*Task to carry out:*
Everything in the data except the pictures belongs in your answer, copied exactly.

[[ Dataset excerpt open ]]

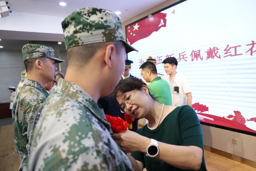 领导们为全体预定新兵佩戴大红花、赠送纪念品,并合影留念。入伍新兵代表李达翔同学代表全体新兵发言,他表示参军入伍是崇高的使命、无私的奉献,将牢记入伍誓言,铭记使命担当。外国语学院征兵站站长赵磊老师作为教师代表发言,忆往昔峥嵘岁月,看今朝新兵入伍,他希望同学们不要害怕困难,不要逃避挑战,勇敢地面对它们,不断总结经验、努力超越自我。
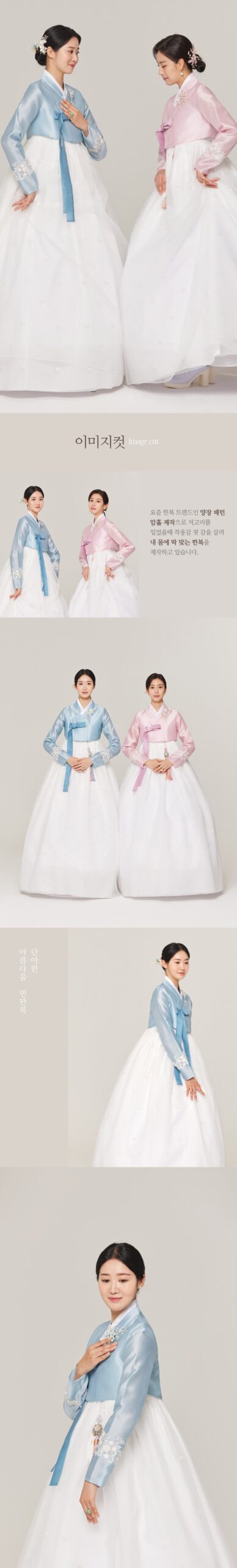 The sleeves are meticulously finished with high-quality fabric, enhancing the overall elegance and charm of the hanbok.
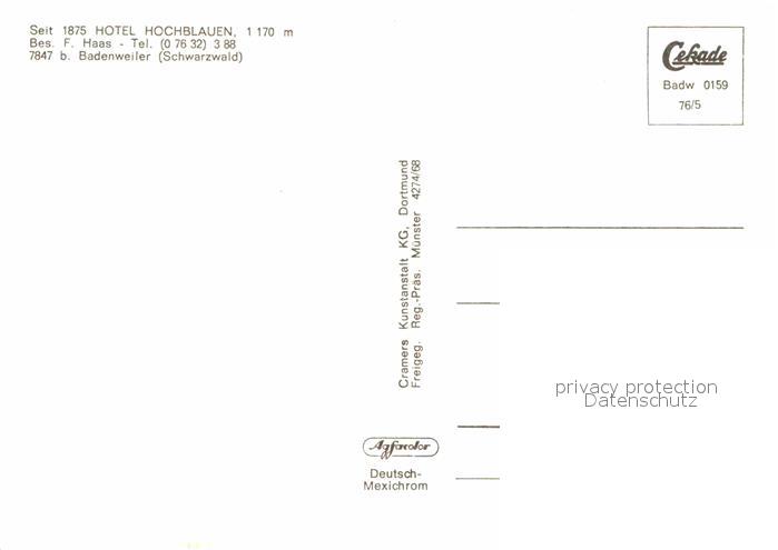 72666296 BADENWEILER BW Hotel Hochblauen Schwarzwald Fliegeraufnahme postalisch nicht gelaufen Erhaltung siehe scans [FriedD77] KatCode: 11110008315007
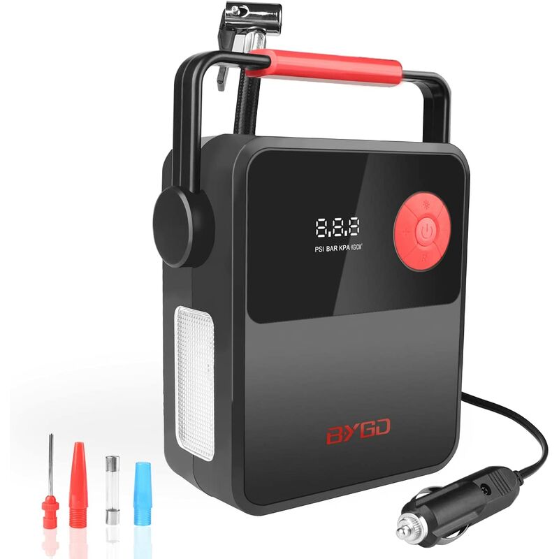 Facile da usare, si ferma quando è pieno - Collega il cavo di alimentazione del compressore d'aria portatile alla presa accendisigari da 12V dell'auto, collega l'ugello di gonfiaggio alla valvola del pneumatico, quindi imposta il valore di pressione desiderato sul pneumatico e premi l'interruttore su iniziare l'inflazione. Quando viene raggiunta la pressione dei pneumatici desiderata, la pompa del compressore d'aria si spegne automaticamente. 【Display digitale intelligente】 La pompa dell'aria elettrica è dotata di un display digitale accurato e luci a LED luminose e resistenti per soddisfare il tuo gonfiaggio esigenze in ambienti con scarsa illuminazione. Il display digitale mostra la pressione dei pneumatici in tempo reale, aiutandoti a visualizzare la pressione dei pneumatici e i valori di pressione dei pneumatici preimpostati. 【Materiale】 Il gonfiatore per pneumatici del compressore d'aria ha un blocco cilindri completamente in metallo aggiornato, bobine interamente in rame, e un

[[ Dataset excerpt closed ]]

*Answer to the problem:*
 领导们为全体预定新兵佩戴大红花、赠送纪念品,并合影留念。入伍新兵代表李达翔同学代表全体新兵发言,他表示参军入伍是崇高的使命、无私的奉献,将牢记入伍誓言,铭记使命担当。外国语学院征兵站站长赵磊老师作为教师代表发言,忆往昔峥嵘岁月,看今朝新兵入伍,他希望同学们不要害怕困难,不要逃避挑战,勇敢地面对它们,不断总结经验、努力超越自我。
 The sleeves are meticulously finished with high-quality fabric, enhancing the overall elegance and charm of the hanbok.
 72666296 BADENWEILER BW Hotel Hochblauen Schwarzwald Fliegeraufnahme postalisch nicht gelaufen Erhaltung siehe scans [FriedD77] KatCode: 11110008315007
 Facile da usare, si ferma quando è pieno - Collega il cavo di alimentazione del compressore d'aria portatile alla presa accendisigari da 12V dell'auto, collega l'ugello di gonfiaggio alla valvola del pneumatico, quindi imposta il valore di pressione desiderato sul pneumatico e premi l'interruttore su iniziare l'inflazione. Quando viene raggiunta la pressione dei pneumatici desiderata, la pompa del compressore d'aria si spegne automaticamente. 【Display digitale intelligente】 La pompa dell'aria elettrica è dotata di un display digitale accurato e luci a LED luminose e resistenti per soddisfare il tuo gonfiaggio esigenze in ambienti con scarsa illuminazione. Il display digitale mostra la pressione dei pneumatici in tempo reale, aiutandoti a visualizzare la pressione dei pneumatici e i valori di pressione dei pneumatici preimpostati. 【Materiale】 Il gonfiatore per pneumatici del compressore d'aria ha un blocco cilindri completamente in metallo aggiornato, bobine interamente in rame, e un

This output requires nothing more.